> What this task involves
Your answer must be an exact copy of the data below, minus any pictures.

> Provided material
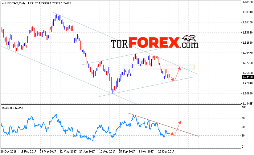 Таким образом, USD/CAD прогноз FOREX на 22 — 26 января 2018 предполагает попытку теста нижней границы канала вблизи 1.2350 и продолжения роста с целью выше 1.2650, дополнительным сигналом в пользу роста выступит тест линии поддержки на индикаторе относительной силы, отменой варианта роста станет пробой области 1.2180, что укажет на пробой нижней границы канала и продолжение падения.
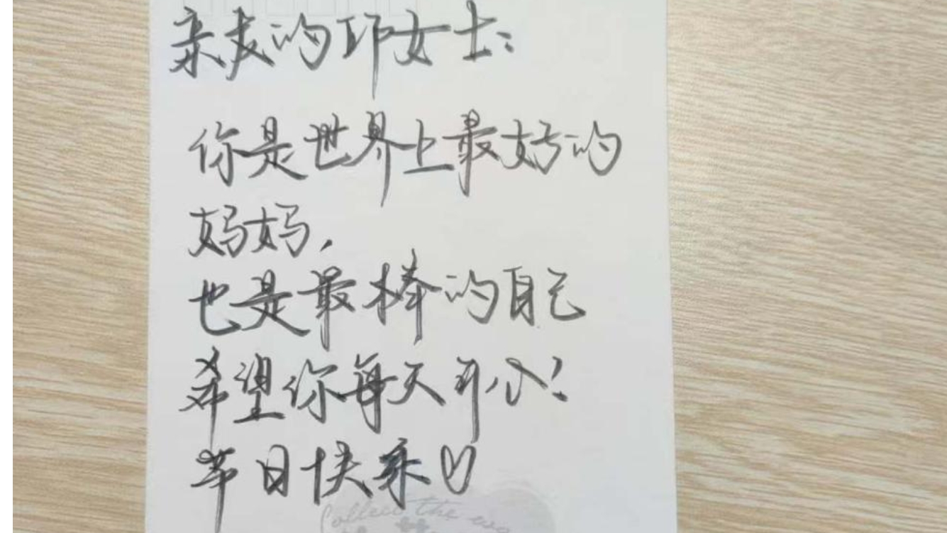 活动中,同学们用心设计贺卡,将对母亲的深情融入其中。杨语晨同学在贺卡中写道:"你是世界上最好的妈妈,也是最棒的自己,希望你每天开心,节日快乐!"她的祝福不仅表达了对母亲的感恩,也展现了女性在家庭和社会中的双重价值。其他同学也纷纷通过文字和手绘,传递对母亲的敬意与爱意。
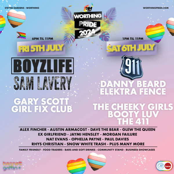 Worthing Pride is to return on Friday, July 5 and Saturday, July 6, bringing the biggest stars – alongside local LGBTQ+ stars – to Steyne Gardens.
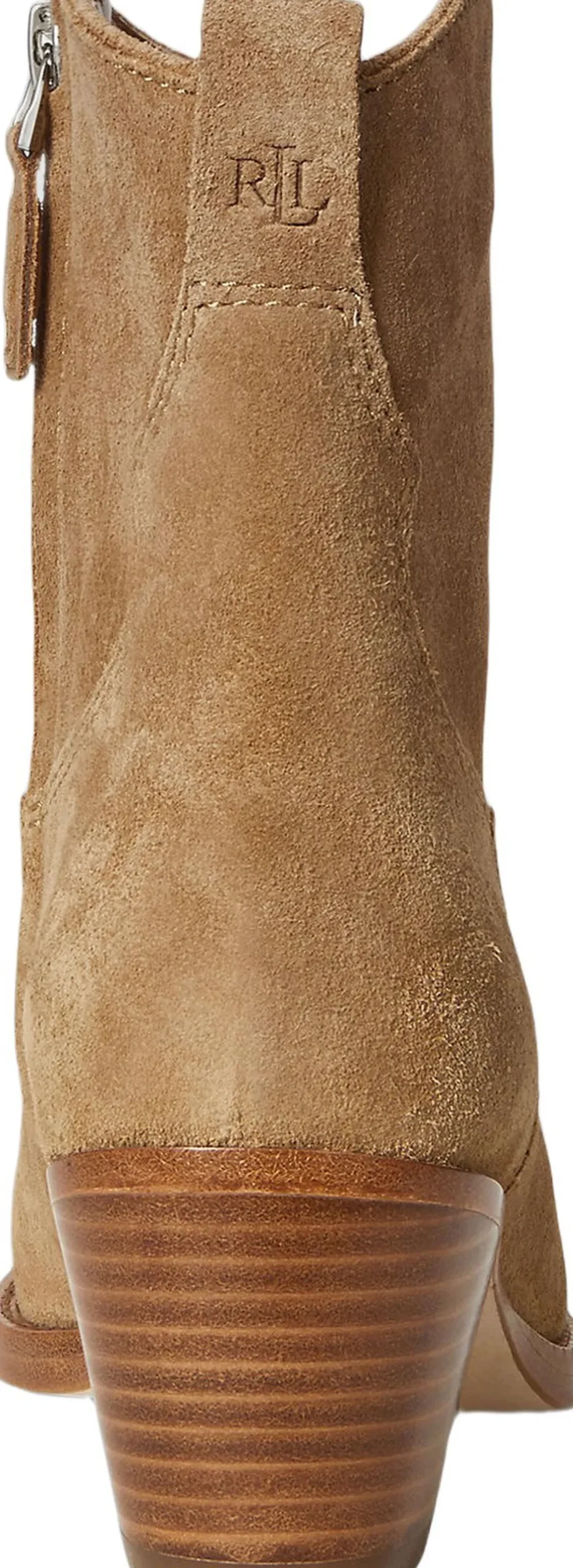 Den western-inspirerede Harper Bootie er fremstillet i fløjlsblødt ruskind og har tonale syninger, en spids tåsilhuet og en 45 mm stablet hæl
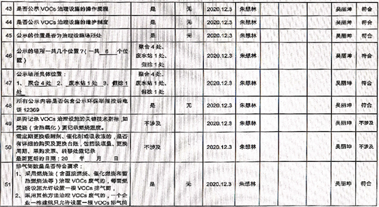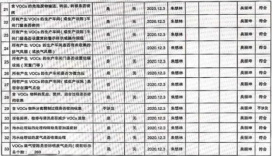 廈門市揮發(fā)性有機物污染防治企業(yè)自查表 (2020年 第四季度)
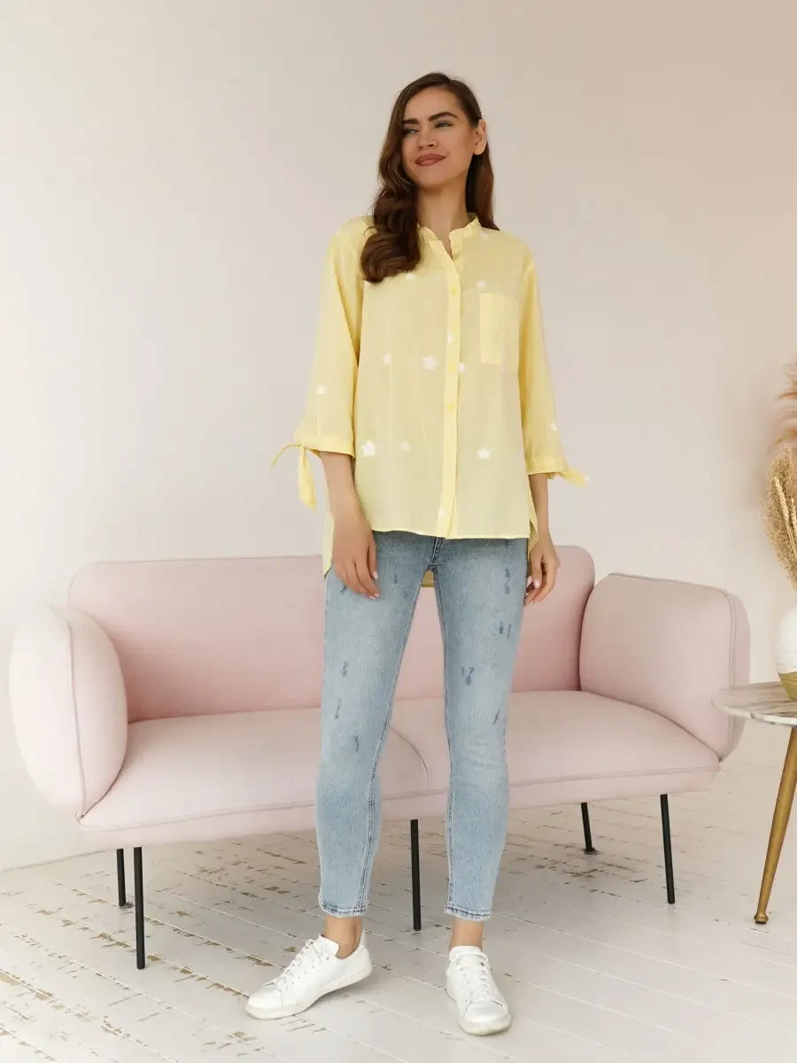 Рубашки подходят как для весенне-летнего сезона, так и для прохладной погоды. Рост модели — 174 см, размер — 36.
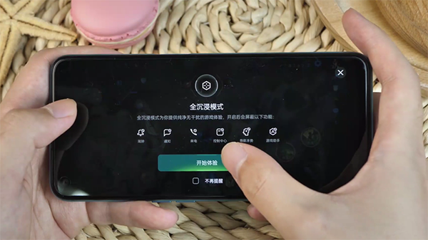另外,如果大家完全不想被信息打擾,以及不想因為誤操作而出現(xiàn)不小心退出游戲等狀況的話,還可以開啟全沉浸模式,這樣就能一鍵屏蔽通知、來電、鬧鐘、控制中心、導(dǎo)航手勢等,完全避免了各種誤操作的情況出現(xiàn),讓游戲體驗更加沉浸。
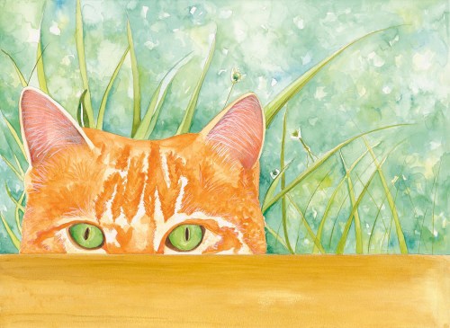 She’s an ardent animal lover living with two dogs and two cats who happily keep her company and provide endless inspiration for her drawings. I love the blend of realistic animals + whimsy + humor. Each of her paintings tells a story and you just can’t help but smile when you see them.

> Response area
 Таким образом, USD/CAD прогноз FOREX на 22 — 26 января 2018 предполагает попытку теста нижней границы канала вблизи 1.2350 и продолжения роста с целью выше 1.2650, дополнительным сигналом в пользу роста выступит тест линии поддержки на индикаторе относительной силы, отменой варианта роста станет пробой области 1.2180, что укажет на пробой нижней границы канала и продолжение падения.
 活动中,同学们用心设计贺卡,将对母亲的深情融入其中。杨语晨同学在贺卡中写道:"你是世界上最好的妈妈,也是最棒的自己,希望你每天开心,节日快乐!"她的祝福不仅表达了对母亲的感恩,也展现了女性在家庭和社会中的双重价值。其他同学也纷纷通过文字和手绘,传递对母亲的敬意与爱意。
 Worthing Pride is to return on Friday, July 5 and Saturday, July 6, bringing the biggest stars – alongside local LGBTQ+ stars – to Steyne Gardens.
 Den western-inspirerede Harper Bootie er fremstillet i fløjlsblødt ruskind og har tonale syninger, en spids tåsilhuet og en 45 mm stablet hæl
 廈門市揮發(fā)性有機物污染防治企業(yè)自查表 (2020年 第四季度)
 Рубашки подходят как для весенне-летнего сезона, так и для прохладной погоды. Рост модели — 174 см, размер — 36.
另外,如果大家完全不想被信息打擾,以及不想因為誤操作而出現(xiàn)不小心退出游戲等狀況的話,還可以開啟全沉浸模式,這樣就能一鍵屏蔽通知、來電、鬧鐘、控制中心、導(dǎo)航手勢等,完全避免了各種誤操作的情況出現(xiàn),讓游戲體驗更加沉浸。
 She’s an ardent animal lover living with two dogs and two cats who happily keep her company and provide endless inspiration for her drawings. I love the blend of realistic animals + whimsy + humor. Each of her paintings tells a story and you just can’t help but smile when you see them.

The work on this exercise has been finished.